I salvaged what I could of the light, which may prevent me having to buy a replacement if I can assemble something from my garage. Further down the mountain the gear cable gave out completely. I was down to just two gears for the last 30km or so to get home. Granted, home was at a lower altitude, but there were still some nasty pinches around Mudgeeraba, not to mention the sea breeze from the coast to deal with. I now have a new found respect for people who ride singlespeed bikes.

As predicted, some of the hills around Mudgeeraba caused more difficulty than they normally would -- and it just had to be show day with the resultant traffic issues on a day when maintaining momentum was of unusual importance.
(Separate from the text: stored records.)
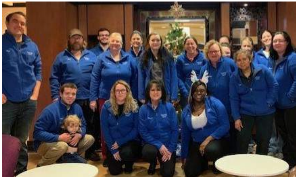
The Fairfield Inn and Suites—New Buffalo team posing at their holiday party.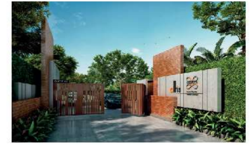
Aavaas - Tondiarpet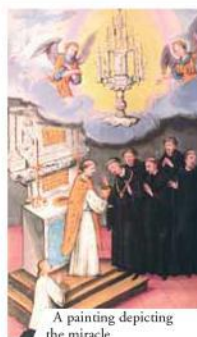
A painting depicting the miracle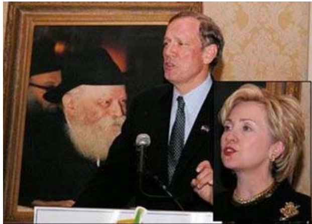
Governor of New York, George Pataki

...Giving a speech at a Lubavitcher "Award" Ceremony (That's The "Rebbe" [i.e. Rabbi Schneerson: Former Leader of the extremist Lubavitch Movement] in the painting behind him).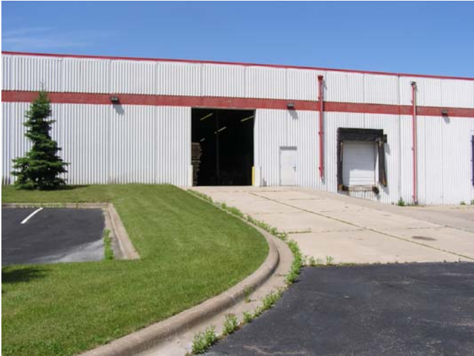
Dock Door & Drive In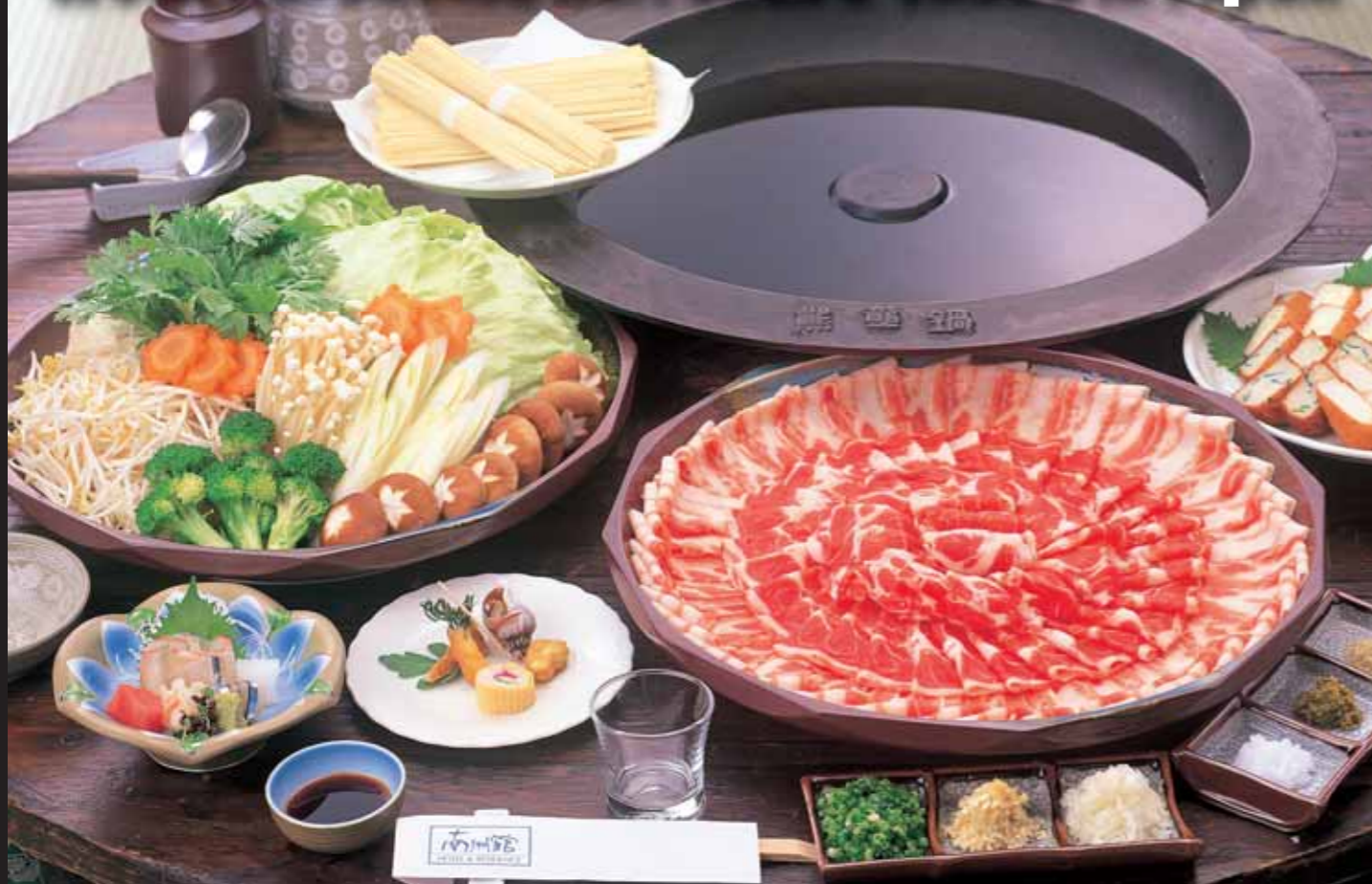
Special Select Kagoshima Berkshire pork shabu-shabu course meals ( for 8 people set meal)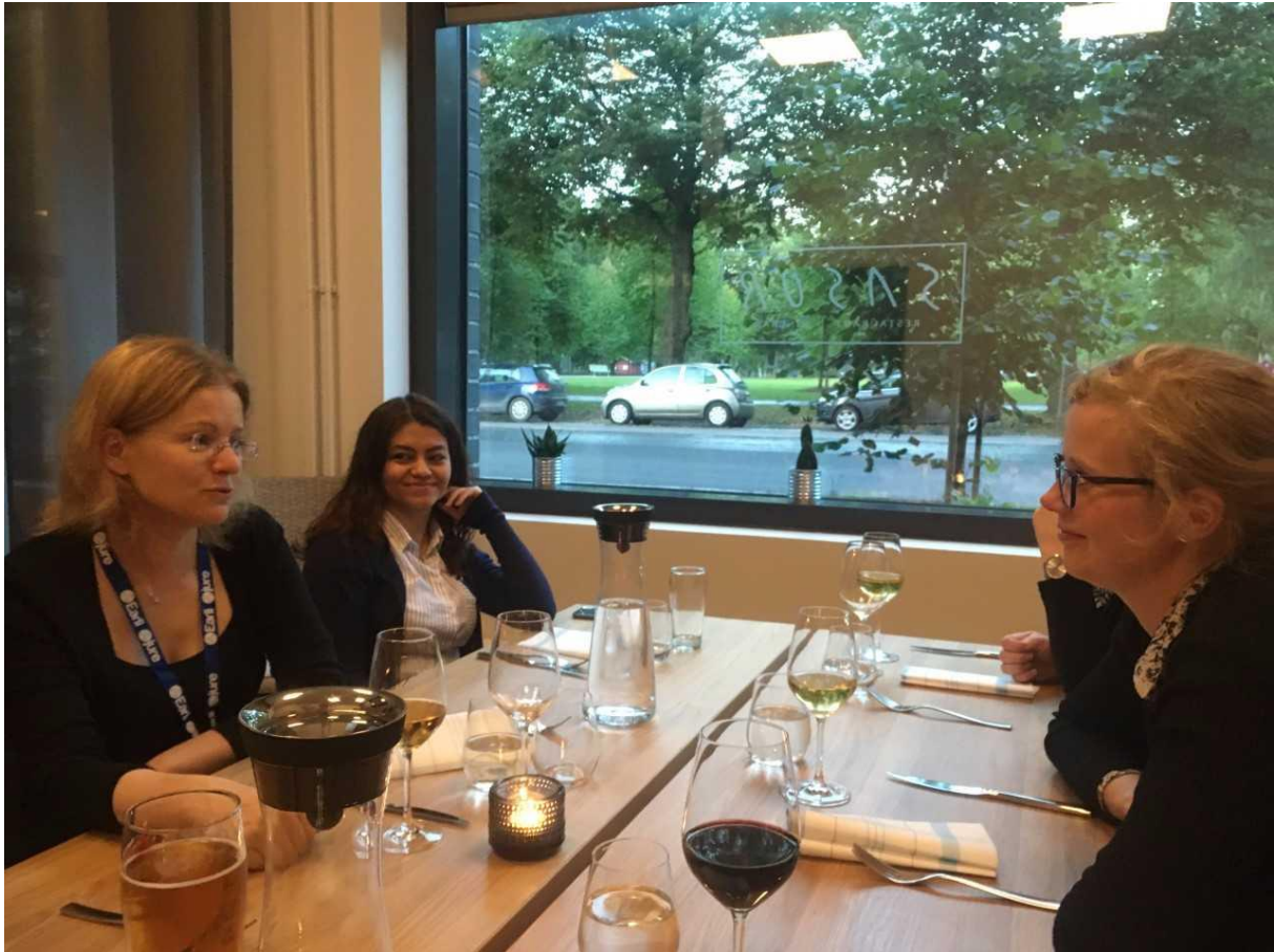
SIG 19 Dinner

However, in a grim kind of way, I was starting to enjoy the chase, the challenge of it all, and knowing that this ride had now transcended the usual "up and back" ride to Springbrook. I was actually a little disappointed to get back on the coast and out of the hills. Cruising along the flat, while easier, just didn't have the same interest -- even if a couple of red lights did provide some unexpected difficulty.

It's clear that I need to deal with this rack. It's been a problem since I bought it, and it just doesn't seem to be strong enough to cope with my demands. For the time being I think I'll swap the rack on my MTB over and use that. It seems to be a little more sturdy. This also means that I need to create a new mount for a tail light on the rack so I can continue to run two of them (the other attaches to a special hole cut into my saddlebag), but such is life. Maybe I'll start to look upon all these repairs as a grim kind of chase.

Finally (at last I hear you cry), it appears as though I've been tagged again. This time Allez is responsible. I'll deal with it tomorrow. Right now I need some sleep.